Ja. Die ganze Zukunft- und Sanierungsstrategie wurde aus dem Unternehmen heraus entwickelt. Mit dem Rückhalt und dem Engagement der Familie konnten wir neues Kapital bekommen, sodass wir die Insolvenz beseitigen konnten.
Ohne einen fremden Investor?
Ganz genau. Nur aus der Kraft der Familie.
Erleben wir gerade eine Wiedergeburt von Roeckl?
Auf jeden Fall, es ist wie Phönix aus der Asche. Jetzt ist wieder Bewegung drinnen, neue Impulse sind da.
Haben Sie je überlegt, den Handschuh zu werfen?
Wir waren wirklich in der allertiefsten Krise, wo es um Sein oder Nichtsein ging. Da war für mich ganz klar, alles zu tun, um die Firma wieder aufzurichten. Ich hätte nie gehen können, wenn es dem Laden schlecht geht. So bin ich nicht.
Wie groß ist die Familie Roeckl eigentlich?
Sehr groß. Früher hatten wir Familientage, an denen wir uns alle getroffen haben. Das ist heute nicht mehr möglich, die Familie ist zu stark verzweigt.
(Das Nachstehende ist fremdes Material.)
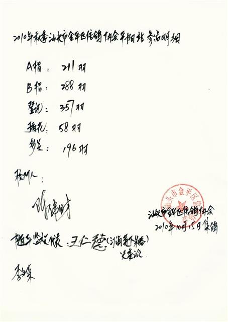汕头市金平区信鸽协会2010年秋季平阳站明细表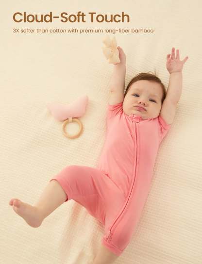 Keep your baby cool and comfortable with our bamboo fiber and spandex blend infant pajamas, designed for peaceful nights and easy diaper changes.
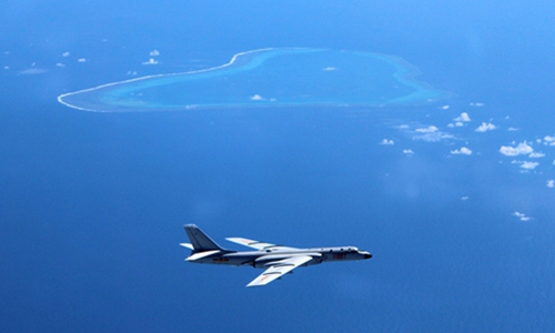 File photo shows a Chinese H-6K bomber patrolling islands and reefs including Huangyan Dao in the South China Sea. Photo: Xinhua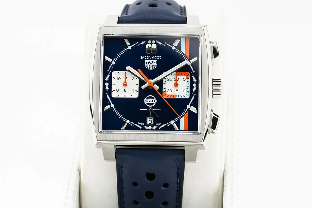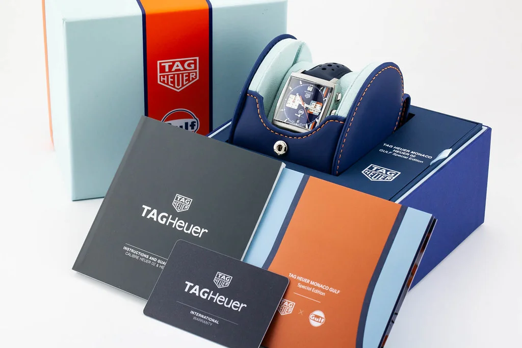 ·Up for sale is a brand new Tag Heuer Monaco Gulf Special Edition on Leather Strap, reference # CBL2115.FC6494. It comes complete with all boxes, papers, booklets and Tag Heuer Warranty Card dated October 2025.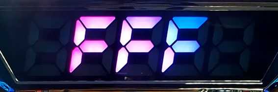 通常時はリール上部の7セグに「FFF」と表示されればボーナス当選。「FFF」が赤ではなくレインボーだとBIG濃厚となる!?

Ich kann es Ihnen gar nicht genau sagen, wie viele wir sind. Es ist eine schöne Großfamilie.
Stimmt es, dass Sie erst mit 20 Jahren Handschuhe tragen wollten?
Wie jeder Jugendliche hatte ich früher auch Berührungsängste, wollte Distanz haben zwischen der Tradition, dieser schweren Firma und mir. Was braucht man da Handschuhe?, dachte ich. Heute weiß ich: Die braucht man erst, wenn man sie lieben gelernt hat.